In the related art, in an item value extraction method for a semi-fixed-format form, an extraction rule of an item value is created based on a correspondence between an item name and an item value. However, the item name (keyword) corresponding to the item value to be extracted is determined through observation of the semi-fixed-format form by a skilled engineer or the like. In contrast, in the present embodiment, the item keywords for extracting (identifying) the item value is automatically determined by the item keyword determination unit 56. This thus omits the user's work for manually determining the item keyword and reduces the work load of the user.

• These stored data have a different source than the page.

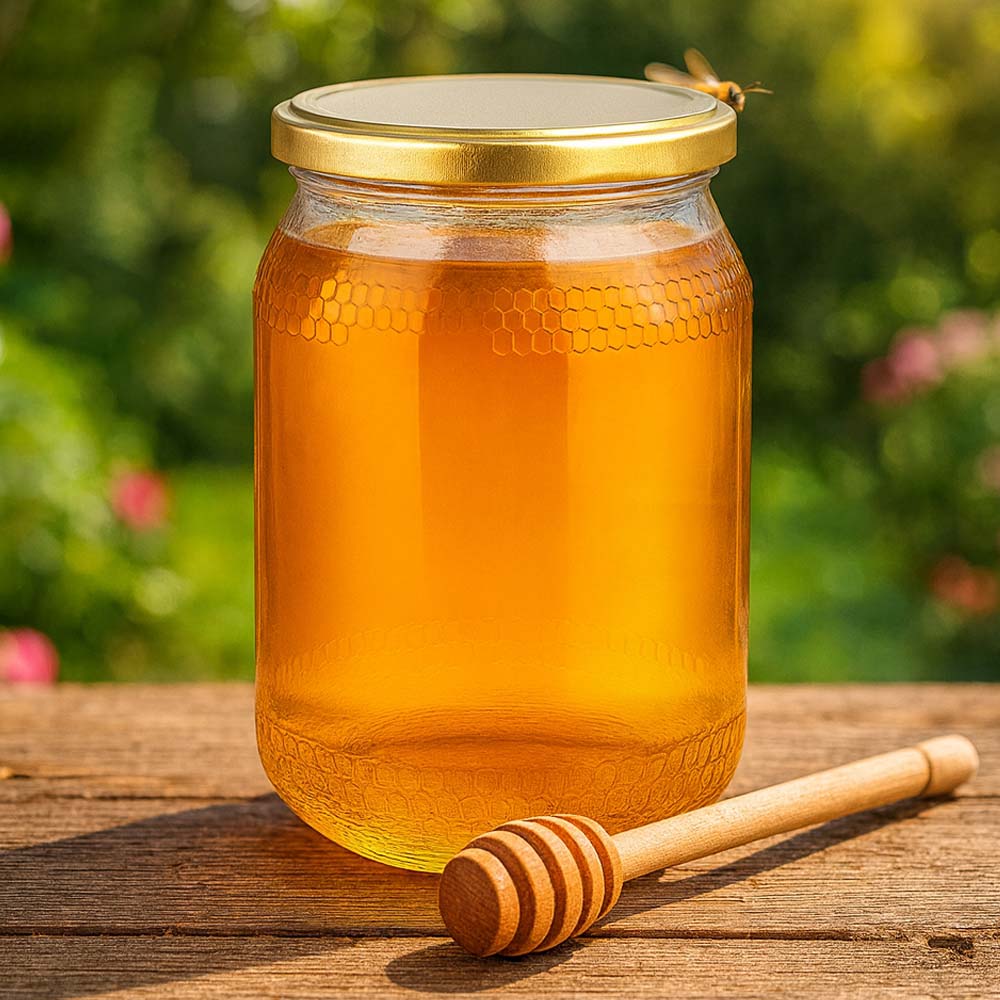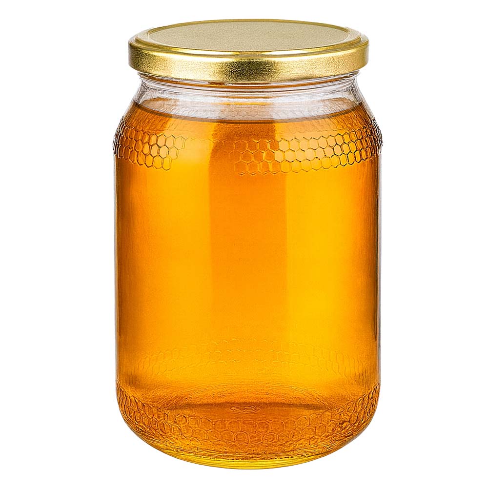 Hochwertiges 1260 g Honigglas mit elegantem goldenem BasicSeal UNiTWIST-Deckel. Dank seines großen Fassungsvermögens eignet sich dieses Glas ideal für Familienportionen, große Abfüllmengen und die Direktvermarktung. Der goldene Deckel sorgt für ein edles Erscheinungsbild im Verkaufsregal.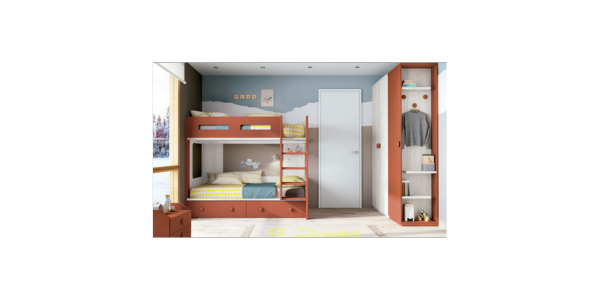>> Litera 2 bañeras de 90×190, con quitamiedos y escalera integrados, con 2 cajones con ruedas. Barra de acero de refuerzo bajo cama superior. Un peldaño de la escalera es alargado, convirtiéndose en un estante con luz LED integrada (opcional), y con tomas USB. También disponible con cajones con guías. Otros modelos para escoger. No necesita somieres. Posibilidad de incorporar aireadores en las bañeras.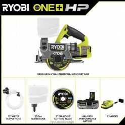 ryobi 7 tommers flisesag har portabilitet med sin kompakte størrelse som er designet for raskt og sikkert oppsett. denne sagen har også den beste skjærekapasiteten i klassen med muligheten til å rive 20″ fliser og diagonalt skjære 13″ fliser. flisesagen skjærer enkelt og nøyaktig gjennom keramikk-, porselen- og steinfliser med en tykkelse på opptil 1- 1/4 tomme. denne sagen har et bord i rustfritt stål som kan vippes for å tillate skråskjæringer i 22,5 graders og 45 graders vinkler. sagen har en ripeføring som låses på plass på de fremre og bakre skinnene for å sikre presise kutt som er rette hver gang.
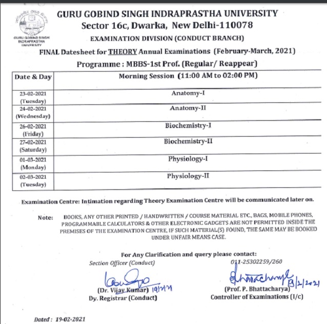 The Guru Gobind Singh Indraprastha University, also known as Indraprastha University (IPU), has released the MBBS First professional programme exam dates. As per the IPU MBBS 1sr professional exam dates, the university will be conducting the theory exams for the regular and reappearing students from tomorrow; i.e. February 23, 2021.Â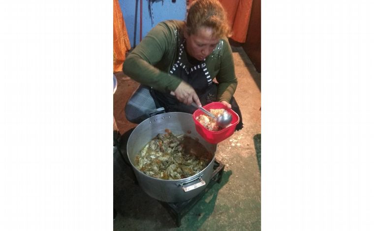 "Tenemos 47 familias fijas, son 113 porciones fijas los martes y viernes, más la gente que pasa y ve que estamos dando de comer y nos piden si les podemos dar e inmediatamente le damos", sumó.

The feature generation unit 57 generates a feature quantity of each item value candidate for the extraction target item in a training image. The feature generation unit 57 generates a feature quantity of an item value candidate, based on positional relationships between the item value candidate and a plurality of item keywords for the extraction target item in a training image. The feature generation unit 57 generates a feature quantity of the item value candidate in each training image. In a training process (described below), a feature quantity of each item value candidate is used as a feature quantity for extracting an item value (input of a trained model).
The feature generation unit 57 generates a feature quantity of an item value candidate, based on information (hereinafter, referred to as “positional relationship information”) indicating positional relationships between the item value candidate and a plurality of item keywords of the extraction target item in a training image. The positional relationship information to be used is information indicating a distance between the item value candidate and each item keyword and information indicating a direction from one of the item value candidate and each item keyword toward the other. In the present embodiment, as the positional relationship information, a distance (mm) between the item value candidate and each item keyword in a training image and an angle (point-to-point angle) (deg) of a vector from the item keyword toward the item value candidate in the training image are used.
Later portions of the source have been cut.